Haarsträubend. So umreißt Karolina Leppert die Umgangsformen ihrer Kunden. Leppert ist Domina in Berlin und empört sich. Kein Benehmen mehr, die Herren. Ungefragt duzen, frech sein und dabei immer schrägere Fetische haben. Die Freier von heute wären grob, selbstherrlich und kommen mit Bildern im Kopf, die sie sich durch Internetpornografie angeeignet hätten. Sie kommen mit Sätzen wie diesen: "Du bist eine Schlampe, du machst, was ich sag’". Die Frauen würden zunehmend zur Ware, die man als Gesamtpaket kaufen könne, O-Ton: "Wie viel kosten Sie?"
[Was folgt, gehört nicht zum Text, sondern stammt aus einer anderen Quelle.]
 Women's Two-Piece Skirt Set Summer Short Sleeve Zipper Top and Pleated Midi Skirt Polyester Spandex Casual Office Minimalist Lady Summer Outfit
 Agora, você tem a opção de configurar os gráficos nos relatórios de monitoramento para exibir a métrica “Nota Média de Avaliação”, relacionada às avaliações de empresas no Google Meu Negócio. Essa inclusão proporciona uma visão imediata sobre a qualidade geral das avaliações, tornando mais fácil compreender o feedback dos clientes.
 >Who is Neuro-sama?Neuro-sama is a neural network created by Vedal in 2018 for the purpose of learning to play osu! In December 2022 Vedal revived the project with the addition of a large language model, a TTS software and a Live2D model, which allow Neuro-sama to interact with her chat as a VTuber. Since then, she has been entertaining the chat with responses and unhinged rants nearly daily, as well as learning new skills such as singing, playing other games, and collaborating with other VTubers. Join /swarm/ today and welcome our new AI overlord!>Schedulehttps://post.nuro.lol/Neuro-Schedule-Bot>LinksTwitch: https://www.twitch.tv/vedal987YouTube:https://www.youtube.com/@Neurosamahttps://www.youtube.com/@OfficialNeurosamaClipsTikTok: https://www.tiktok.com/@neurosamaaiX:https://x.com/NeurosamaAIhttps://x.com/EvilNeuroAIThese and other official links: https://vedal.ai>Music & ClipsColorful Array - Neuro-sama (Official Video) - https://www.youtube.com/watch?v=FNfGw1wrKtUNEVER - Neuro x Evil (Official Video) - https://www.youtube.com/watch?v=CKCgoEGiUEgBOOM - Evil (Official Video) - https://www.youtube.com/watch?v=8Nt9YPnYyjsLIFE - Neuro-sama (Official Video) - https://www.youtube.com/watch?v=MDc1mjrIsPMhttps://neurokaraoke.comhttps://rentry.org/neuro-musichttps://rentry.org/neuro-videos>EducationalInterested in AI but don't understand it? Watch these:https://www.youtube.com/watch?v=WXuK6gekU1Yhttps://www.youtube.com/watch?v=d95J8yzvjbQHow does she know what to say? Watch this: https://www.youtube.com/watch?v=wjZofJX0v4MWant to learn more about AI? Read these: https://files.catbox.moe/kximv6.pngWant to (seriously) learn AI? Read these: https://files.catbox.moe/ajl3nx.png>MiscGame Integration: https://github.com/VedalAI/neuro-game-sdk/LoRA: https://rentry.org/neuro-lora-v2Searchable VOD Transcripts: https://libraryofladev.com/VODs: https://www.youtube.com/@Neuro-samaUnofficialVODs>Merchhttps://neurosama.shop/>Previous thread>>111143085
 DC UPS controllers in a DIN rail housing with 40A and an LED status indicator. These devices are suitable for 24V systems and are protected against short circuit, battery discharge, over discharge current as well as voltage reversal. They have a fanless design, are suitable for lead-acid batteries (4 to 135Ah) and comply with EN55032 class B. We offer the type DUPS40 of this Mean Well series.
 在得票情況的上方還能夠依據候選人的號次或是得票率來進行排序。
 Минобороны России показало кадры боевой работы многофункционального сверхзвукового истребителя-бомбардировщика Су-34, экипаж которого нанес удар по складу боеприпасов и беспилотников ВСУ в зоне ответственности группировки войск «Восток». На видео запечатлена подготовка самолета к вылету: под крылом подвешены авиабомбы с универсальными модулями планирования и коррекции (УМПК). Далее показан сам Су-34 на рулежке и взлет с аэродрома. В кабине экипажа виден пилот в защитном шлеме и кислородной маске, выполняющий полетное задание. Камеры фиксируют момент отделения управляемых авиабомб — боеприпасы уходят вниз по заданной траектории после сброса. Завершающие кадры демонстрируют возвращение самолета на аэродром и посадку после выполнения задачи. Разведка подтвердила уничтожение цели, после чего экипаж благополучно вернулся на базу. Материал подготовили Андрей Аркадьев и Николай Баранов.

Das geht gar nicht, moniert auch Lepperts Kollegin Mariella, Sexarbeiterin aus Wien. Prostituierte seien Frauen, die eine Dienstleistung anbieten, die Männer kaufen können. Aber nicht die Frau, die sich anböte. Frauen seien keine Ware.
Porno stumpft ab
Auch wenn es sich hier um einen spezifischen Ausschnitt des Zwischenmenschlichen handelt, stellt sich die Frage: Werden die Männer durch Internetpornografie versaut? Leppert ist davon überzeugt: "Der zu frühe und zu früh verfügbare Pornogebrauch durch das Internet verfälscht den Blick für die Realität und stumpft ab." Aus wissenschaftlicher Sicht lässt sich die individuelle Wirkung von Pornokonsum auf Männer nicht verallgemeinern und hängt von der Persönlichkeit sowie der Sozialisierung ab. Zudem gilt: Die Dosis macht das Gift.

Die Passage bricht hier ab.